Interestingly, while the vapor from second-hand vaping is considered safe, it could pose health risks for anyone with a weaker immune system. That explains why certain states and territories are restricting where people can vote.
The American Nonsmokers’ Rights Foundation reported that 19 states and over 900 municipalities had banned electronic smoking devices and cigarettes in specific environments, including schools, hospitals, and workplaces.
Is it safe to vape around babies?
We mentioned how the effects of second-hand vaping remain unclear around medically vulnerable populations earlier. Interestingly, babies fall into this category. So that is the first reason you may want to reconsider vaping around your baby.
Understandably, there is scarce research because no researcher is ready to risk a kid’s health by exposing them to second-hand nicotine. But there is sufficient data to suggest that a baby’s health is at risk when exposed to second-hand vapor from e-cigarettes.

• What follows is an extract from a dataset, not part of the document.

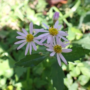 ノコンギク この日歩いた道には、シラヤマギク、ユウガギク、シロヨメナが多く、そのほかの野菊には、会えないかと思っていたら、 これは? 山の中の、明るい原っぱのような場所に咲いていました。 ノコンギクではないでしょうか。 花の大きさは、2.5センチくらい。 枝の先に集まって咲いていました。 薄紫色でした。(①) 横から見ると、総包片がそりかえっていて、ワイン🍷グラス型でした。(②) 茎には細かな毛が生えていました。(③) 葉の表面にたくさんの毛が生えていて、ザラザラしていました。脈があり、縁のギザギザは、深くも浅くもない感じ。(④) 葉の裏にも、毛が生えていました。 (⑤) これで、花びらが取れたあと、実の毛(冠毛)の長さが長いと、はっきり、ノコンギクとわかるのでしょうが、まだ、花びらは、取れていませんでした。 また、見にこなくっちゃ💦 この季節にしか、出会えない野菊。 たくさん見て観察したい。 そして、覚えたいな。 ちなみに、高尾山で、カントウヨメナとはっきりわかる野菊にまだ出会えて、いません。 やっぱり、野菊は難しいです。 10.17

In addition, babies exposed to second-hand vaping indoors may be at risk of allergic reactions. This is common in second-hand vaping vapor from e-liquids containing nuts, which causes a wide range of allergic reactions in babies and kids. However, this is a theoretical risk and will require sufficient research to debunk or confirm.
The portion of the second-hand vapor that bystanders do not inhale ends up on the ground and surrounding surfaces. Babies and kids might lick these contaminated surfaces and thus be at risk of exposure. That is why vapers are generally advised to avoid vaping around babies and keep their vaping kit out of the reach of kids.
Let’s be clear, the toxicity of the chemicals from second-hand vaping has been verified. However, there’s limited long-term research proving second-hand vaping is neither as harmful as second-hand smoke nor completely harmless. But one thing is clear—vaping around your kids can encourage them to also vape when they are of age.
Whether or not you want to let that happen is up to you.
Despite being unharmful to people around, it is essential to respect the concerns of people around vapers, including friends, families, and colleagues, about second-hand vaping vapor. That is why you should only vape in designated areas. However, suppose you ever have to use your e-cigarettes in public places or among other people. In that case, you should ask if they are comfortable inhaling the second-hand vapor from your e-cigarettes. Finally, it would be best to not vape around your baby.